> _About this task_:
Give the records again exactly. Pictures do not belong in the copy.

***** Stored data

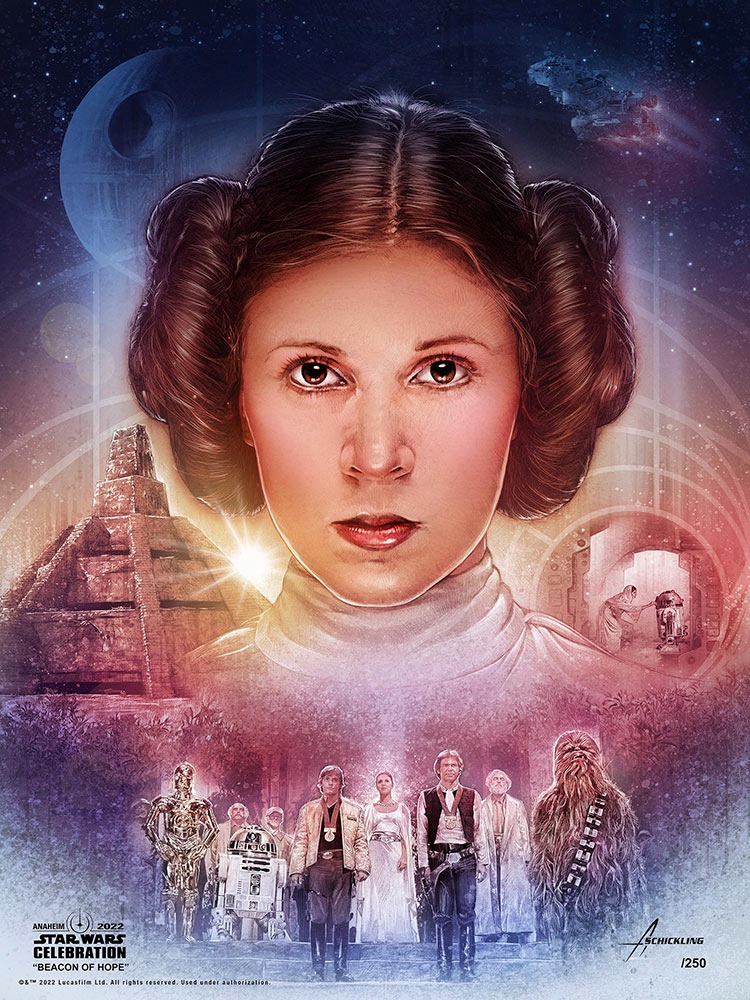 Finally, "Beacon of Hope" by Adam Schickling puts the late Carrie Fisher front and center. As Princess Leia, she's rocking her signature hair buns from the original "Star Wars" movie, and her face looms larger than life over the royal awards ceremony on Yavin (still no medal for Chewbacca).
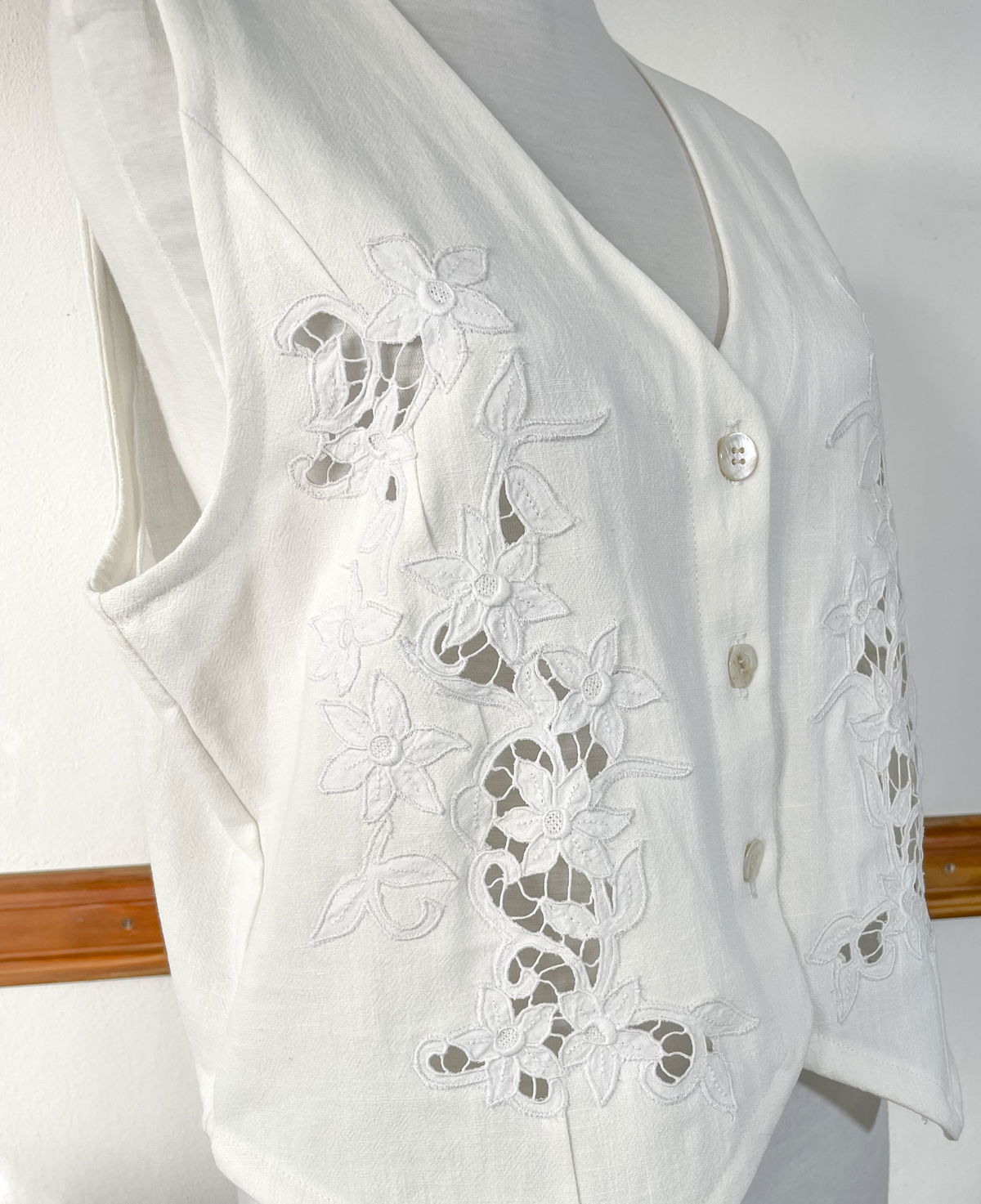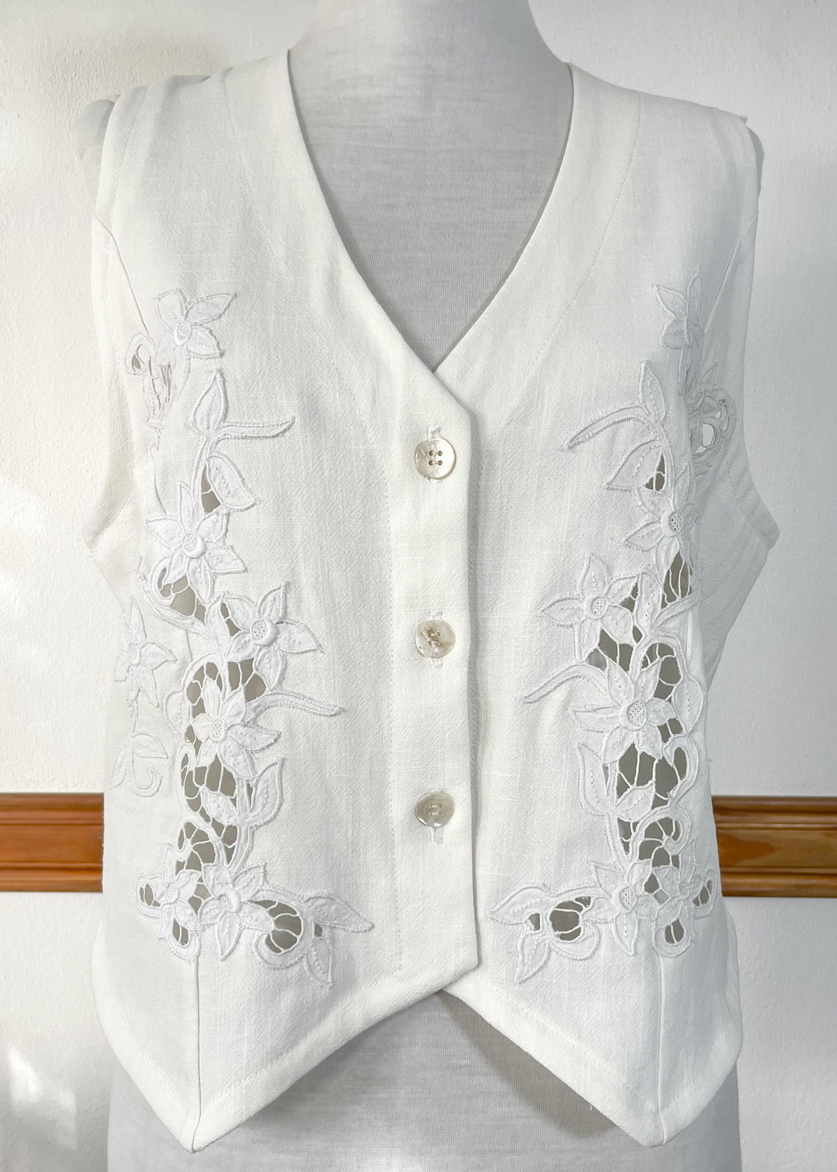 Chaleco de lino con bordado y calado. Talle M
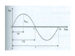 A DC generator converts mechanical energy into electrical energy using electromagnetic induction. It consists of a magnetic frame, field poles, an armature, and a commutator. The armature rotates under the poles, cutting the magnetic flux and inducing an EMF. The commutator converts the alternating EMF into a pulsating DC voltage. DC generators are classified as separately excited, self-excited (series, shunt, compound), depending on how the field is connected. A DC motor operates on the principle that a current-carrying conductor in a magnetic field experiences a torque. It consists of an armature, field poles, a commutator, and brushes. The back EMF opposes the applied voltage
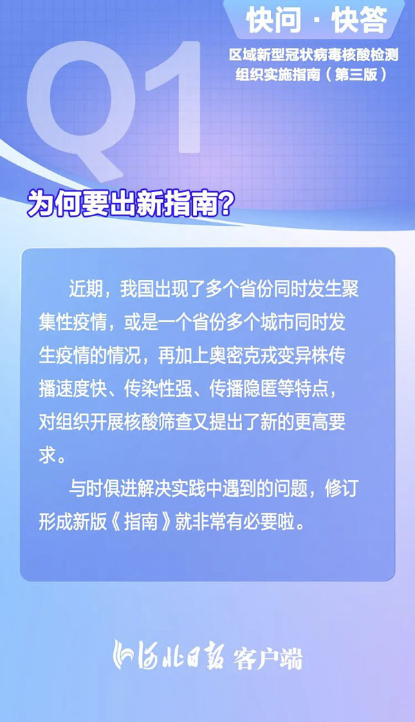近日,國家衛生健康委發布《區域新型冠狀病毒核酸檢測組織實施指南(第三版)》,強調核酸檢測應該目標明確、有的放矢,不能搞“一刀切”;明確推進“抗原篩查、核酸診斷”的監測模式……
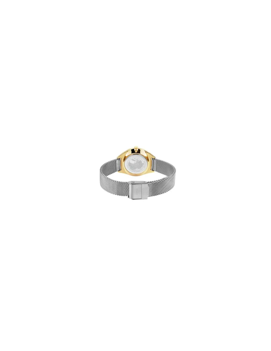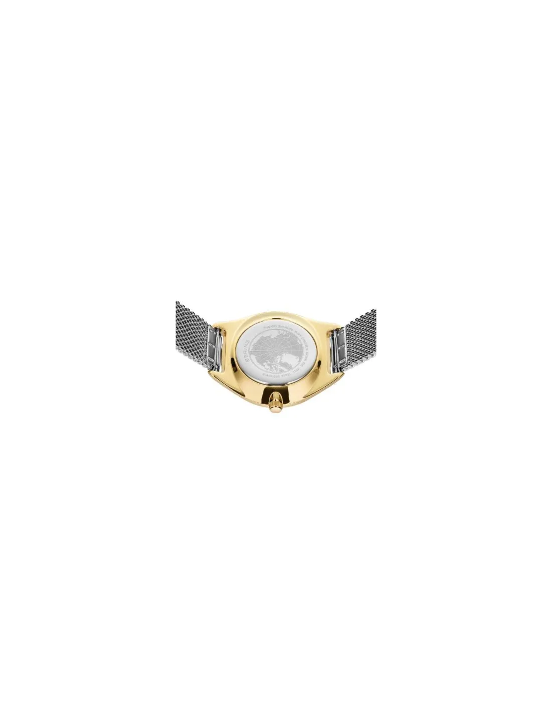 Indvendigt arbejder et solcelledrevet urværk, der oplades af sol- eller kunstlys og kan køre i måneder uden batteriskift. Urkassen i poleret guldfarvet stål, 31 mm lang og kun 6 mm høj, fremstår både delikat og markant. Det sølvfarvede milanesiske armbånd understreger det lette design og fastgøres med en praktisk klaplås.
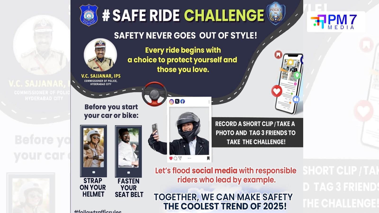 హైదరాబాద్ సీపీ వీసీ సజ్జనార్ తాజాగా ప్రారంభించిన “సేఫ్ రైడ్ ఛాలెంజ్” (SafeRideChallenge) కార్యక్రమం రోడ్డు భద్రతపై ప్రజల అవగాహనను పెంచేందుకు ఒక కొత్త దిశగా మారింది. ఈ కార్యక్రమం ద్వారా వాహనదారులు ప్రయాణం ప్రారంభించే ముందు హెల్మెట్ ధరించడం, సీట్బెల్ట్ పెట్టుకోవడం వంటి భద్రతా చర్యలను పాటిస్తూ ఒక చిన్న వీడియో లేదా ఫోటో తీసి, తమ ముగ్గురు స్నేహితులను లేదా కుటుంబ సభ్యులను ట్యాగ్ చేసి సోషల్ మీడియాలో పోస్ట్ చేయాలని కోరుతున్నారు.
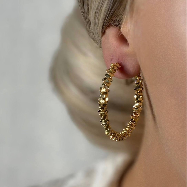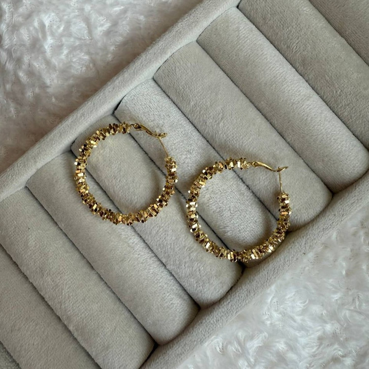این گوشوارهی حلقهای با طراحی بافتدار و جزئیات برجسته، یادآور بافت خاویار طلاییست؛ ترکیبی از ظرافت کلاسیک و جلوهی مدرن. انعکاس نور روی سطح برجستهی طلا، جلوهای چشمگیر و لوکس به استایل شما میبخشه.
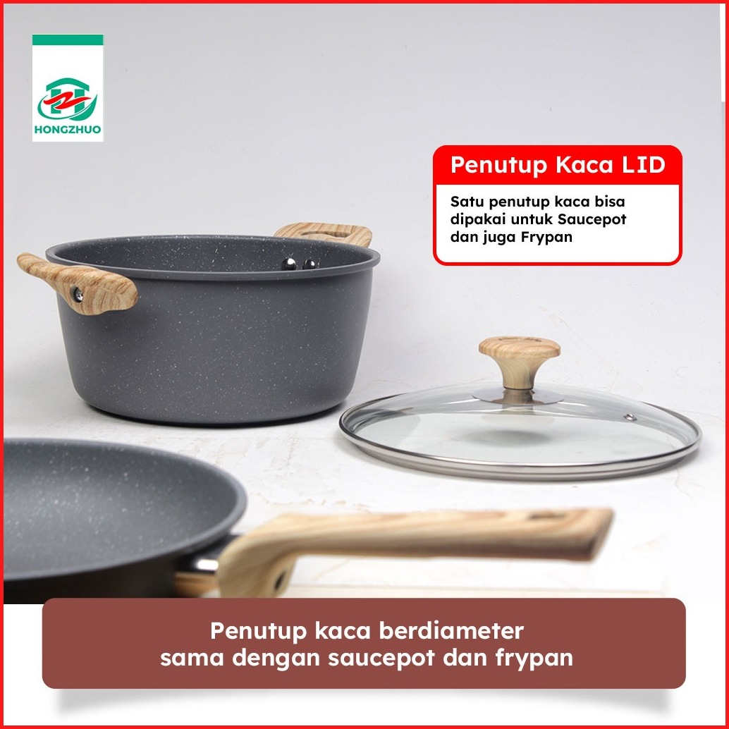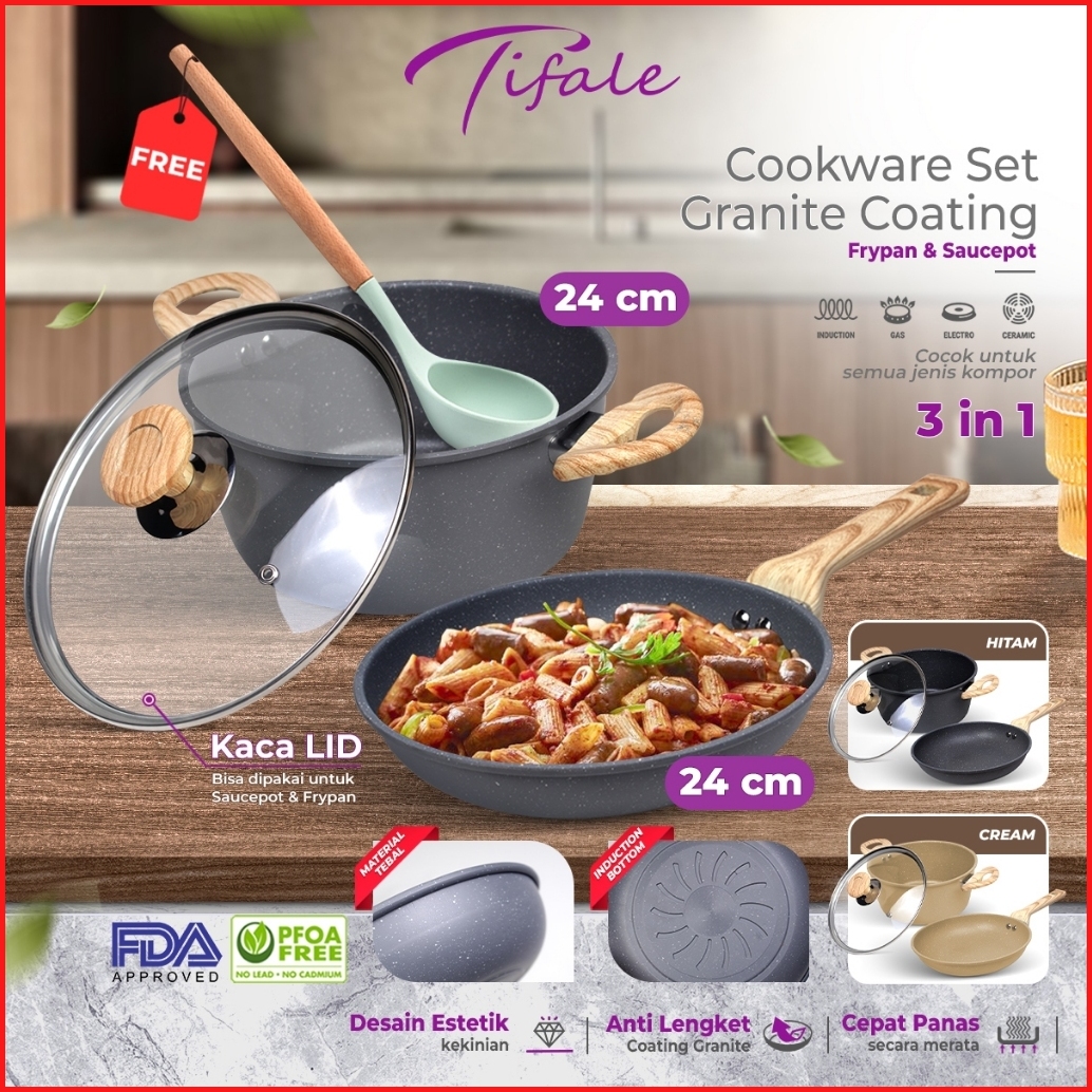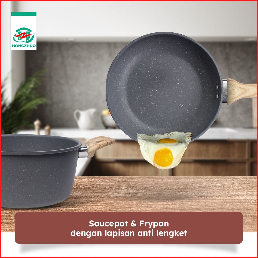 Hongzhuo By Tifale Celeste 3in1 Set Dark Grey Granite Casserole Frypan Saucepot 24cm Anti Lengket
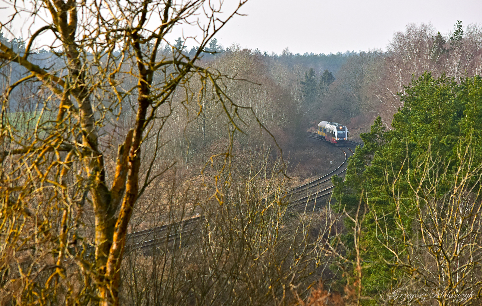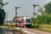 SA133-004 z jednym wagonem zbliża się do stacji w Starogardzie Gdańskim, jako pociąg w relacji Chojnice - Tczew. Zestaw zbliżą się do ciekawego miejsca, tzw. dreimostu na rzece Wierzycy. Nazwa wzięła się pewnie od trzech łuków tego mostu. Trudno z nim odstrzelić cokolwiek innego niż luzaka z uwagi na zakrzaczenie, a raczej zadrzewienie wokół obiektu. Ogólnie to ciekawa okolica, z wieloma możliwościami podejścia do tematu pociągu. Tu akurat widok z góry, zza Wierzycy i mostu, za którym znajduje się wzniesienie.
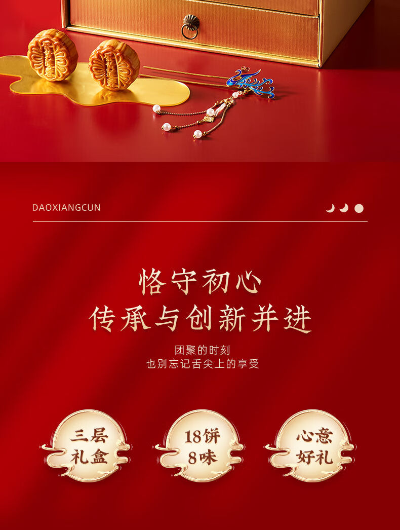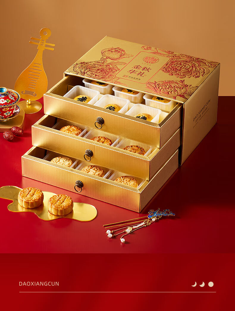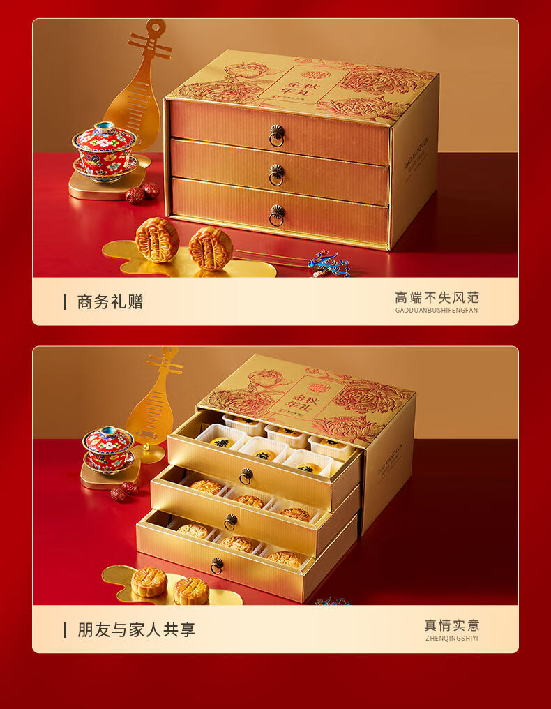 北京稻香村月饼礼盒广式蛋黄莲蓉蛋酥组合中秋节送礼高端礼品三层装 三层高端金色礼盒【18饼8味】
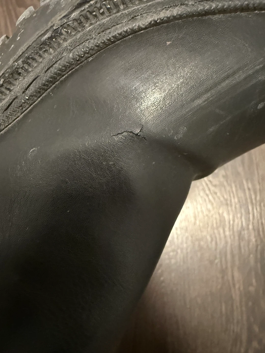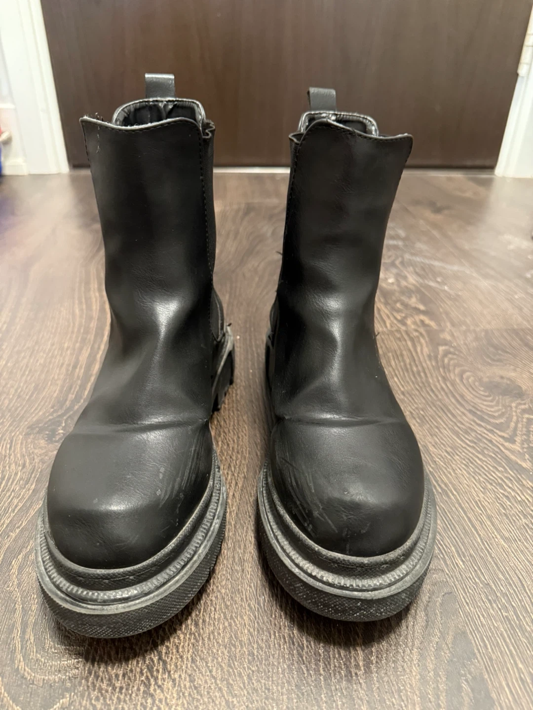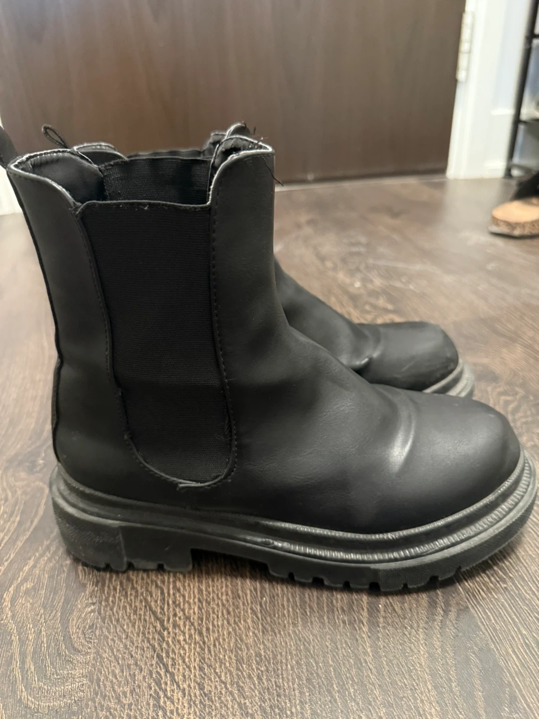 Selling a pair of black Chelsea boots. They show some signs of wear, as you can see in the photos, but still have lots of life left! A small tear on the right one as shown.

**********

> _Answer to the exercise_:
 Finally, "Beacon of Hope" by Adam Schickling puts the late Carrie Fisher front and center. As Princess Leia, she's rocking her signature hair buns from the original "Star Wars" movie, and her face looms larger than life over the royal awards ceremony on Yavin (still no medal for Chewbacca).
 Chaleco de lino con bordado y calado. Talle M
 A DC generator converts mechanical energy into electrical energy using electromagnetic induction. It consists of a magnetic frame, field poles, an armature, and a commutator. The armature rotates under the poles, cutting the magnetic flux and inducing an EMF. The commutator converts the alternating EMF into a pulsating DC voltage. DC generators are classified as separately excited, self-excited (series, shunt, compound), depending on how the field is connected. A DC motor operates on the principle that a current-carrying conductor in a magnetic field experiences a torque. It consists of an armature, field poles, a commutator, and brushes. The back EMF opposes the applied voltage
近日,國家衛生健康委發布《區域新型冠狀病毒核酸檢測組織實施指南(第三版)》,強調核酸檢測應該目標明確、有的放矢,不能搞“一刀切”;明確推進“抗原篩查、核酸診斷”的監測模式……
 Indvendigt arbejder et solcelledrevet urværk, der oplades af sol- eller kunstlys og kan køre i måneder uden batteriskift. Urkassen i poleret guldfarvet stål, 31 mm lang og kun 6 mm høj, fremstår både delikat og markant. Det sølvfarvede milanesiske armbånd understreger det lette design og fastgøres med en praktisk klaplås.
 హైదరాబాద్ సీపీ వీసీ సజ్జనార్ తాజాగా ప్రారంభించిన “సేఫ్ రైడ్ ఛాలెంజ్” (SafeRideChallenge) కార్యక్రమం రోడ్డు భద్రతపై ప్రజల అవగాహనను పెంచేందుకు ఒక కొత్త దిశగా మారింది. ఈ కార్యక్రమం ద్వారా వాహనదారులు ప్రయాణం ప్రారంభించే ముందు హెల్మెట్ ధరించడం, సీట్బెల్ట్ పెట్టుకోవడం వంటి భద్రతా చర్యలను పాటిస్తూ ఒక చిన్న వీడియో లేదా ఫోటో తీసి, తమ ముగ్గురు స్నేహితులను లేదా కుటుంబ సభ్యులను ట్యాగ్ చేసి సోషల్ మీడియాలో పోస్ట్ చేయాలని కోరుతున్నారు.
این گوشوارهی حلقهای با طراحی بافتدار و جزئیات برجسته، یادآور بافت خاویار طلاییست؛ ترکیبی از ظرافت کلاسیک و جلوهی مدرن. انعکاس نور روی سطح برجستهی طلا، جلوهای چشمگیر و لوکس به استایل شما میبخشه.
 Hongzhuo By Tifale Celeste 3in1 Set Dark Grey Granite Casserole Frypan Saucepot 24cm Anti Lengket
 SA133-004 z jednym wagonem zbliża się do stacji w Starogardzie Gdańskim, jako pociąg w relacji Chojnice - Tczew. Zestaw zbliżą się do ciekawego miejsca, tzw. dreimostu na rzece Wierzycy. Nazwa wzięła się pewnie od trzech łuków tego mostu. Trudno z nim odstrzelić cokolwiek innego niż luzaka z uwagi na zakrzaczenie, a raczej zadrzewienie wokół obiektu. Ogólnie to ciekawa okolica, z wieloma możliwościami podejścia do tematu pociągu. Tu akurat widok z góry, zza Wierzycy i mostu, za którym znajduje się wzniesienie.
 北京稻香村月饼礼盒广式蛋黄莲蓉蛋酥组合中秋节送礼高端礼品三层装 三层高端金色礼盒【18饼8味】
 Selling a pair of black Chelsea boots. They show some signs of wear, as you can see in the photos, but still have lots of life left! A small tear on the right one as shown.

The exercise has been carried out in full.